Output the listing below verbatim, but drop the images.

*** Data section ***

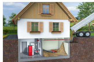
地下室 水平オーガーで充填できます。
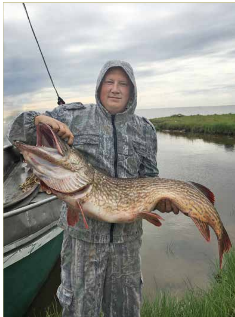
«Я меньше не ловлю!».
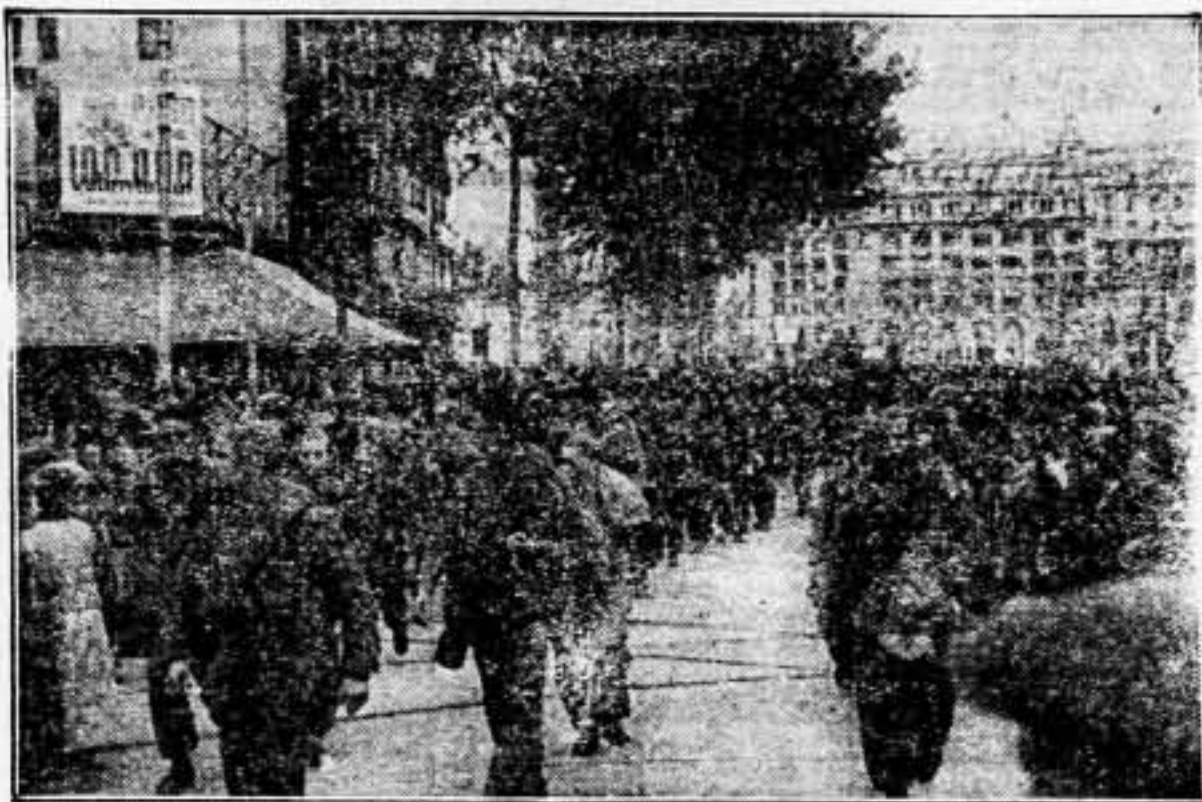
Los jóvenes libertarios abandonan la ciudad —descanso de ansias guerreras— sin ningún temor. Van a triunfar en una lucha en nombre de la sensibilidad universal

*** End of Data section ***

*Response to this task:*
地下室 水平オーガーで充填できます。
«Я меньше не ловлю!».
Los jóvenes libertarios abandonan la ciudad —descanso de ansias guerreras— sin ningún temor. Van a triunfar en una lucha en nombre de la sensibilidad universal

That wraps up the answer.